MM went out of business. It sued JSW for breach of contract, and sued Chapel (and other distributors), along with Nucor, JSW, and another manufacturer.  After a six-week trial, the Southern District of Texas entered judgment for over $150 million for MM, finding that the distributors formed a conspiracy in violation of Section 1 of the Sherman Act to keep steel away from MM, and that the manufacturers knowingly joined that conspiracy.  The distributors settled, leaving Nucor and JSW as the only appellants by the time of the Fifth Circuit’s decision.

The opinion’s analysis began by stating the accepted legal standards in the area.  A Section 1 claim requires proof that the defendants “(1) engaged in a conspiracy (2) that restrained trade (3) in a particular market.”  That proof must “tend[] to exclude the possibility of independent conduct,” which in a refusal-to-deal case such as this one, means showing that the defendants’ conduct is “inconsistent with the manufacturer’s independent self-interest.”

Applying these standards, the court affirmed the liability finding as to JSW.  “The fact that both [distributors’ made . . . threats within several weeks of each other was sufficient evidence for a reasonable juror to conclude that JSW was aware of the horizontal conspiracy to exclude MM from the market.”  Then, when JSW responded by terminating its contract with MM, virtually guaranteeing a suit for breach, “[a] reasonable juror also could have concluded that JSW’s abrupt decision to no longer deal with MM following those threats and JSW’s statements regarding that decision tended to exclude the possibility of conduct that was independent of the distributor’s conspiracy.”  While JSW contended that its actions were motivated by concern about the Chapel lawsuit against MM, the court found that “[a] reasonable juror could have concluded that JSW’s explanation for its supposedly independent refusal to deal was pretextual.”

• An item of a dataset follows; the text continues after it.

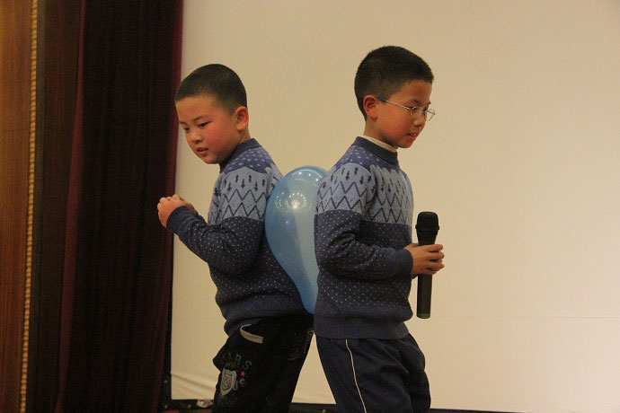 兩位家屬小朋友合唱完畢后,為大家表演兄弟同心,合力破氣球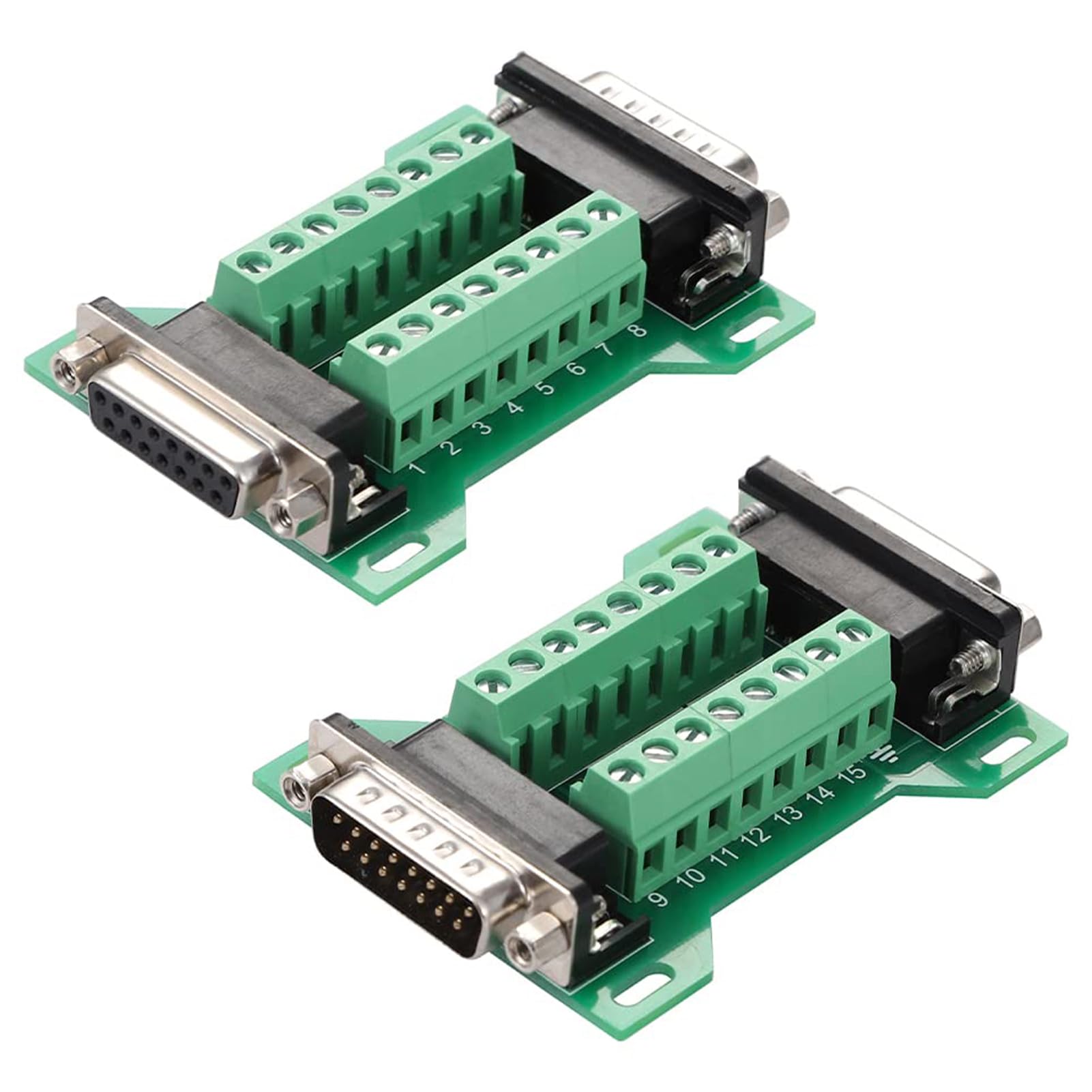 DB15 Solderless Breakout Connector with 5Ft 24AWG Replacement Cable, Metal Shell RS232 D-SUB Serial to 15-Pin Port Terminal Female Adapter Connector Breakout Board

The court reversed as to Nucor, who had received only one threat, from Chapel.  In response, Nucor introduced evidence that it had an “incumbency practice,” under which it remained loyal to established customers such as Chapel, to maintain a stable supply chain.  The court reasoned that “[e]ven if the jury did not credit this practice, MM did not provide evidence that when Nucor first refused to quote MM, Nucor was aware of an agreement between the distributors to foreclose MM from the market. . . . In fact, at the time Nucor first refused to quote MM, Nucor believed that JSW, its competitor, was supplying MM.”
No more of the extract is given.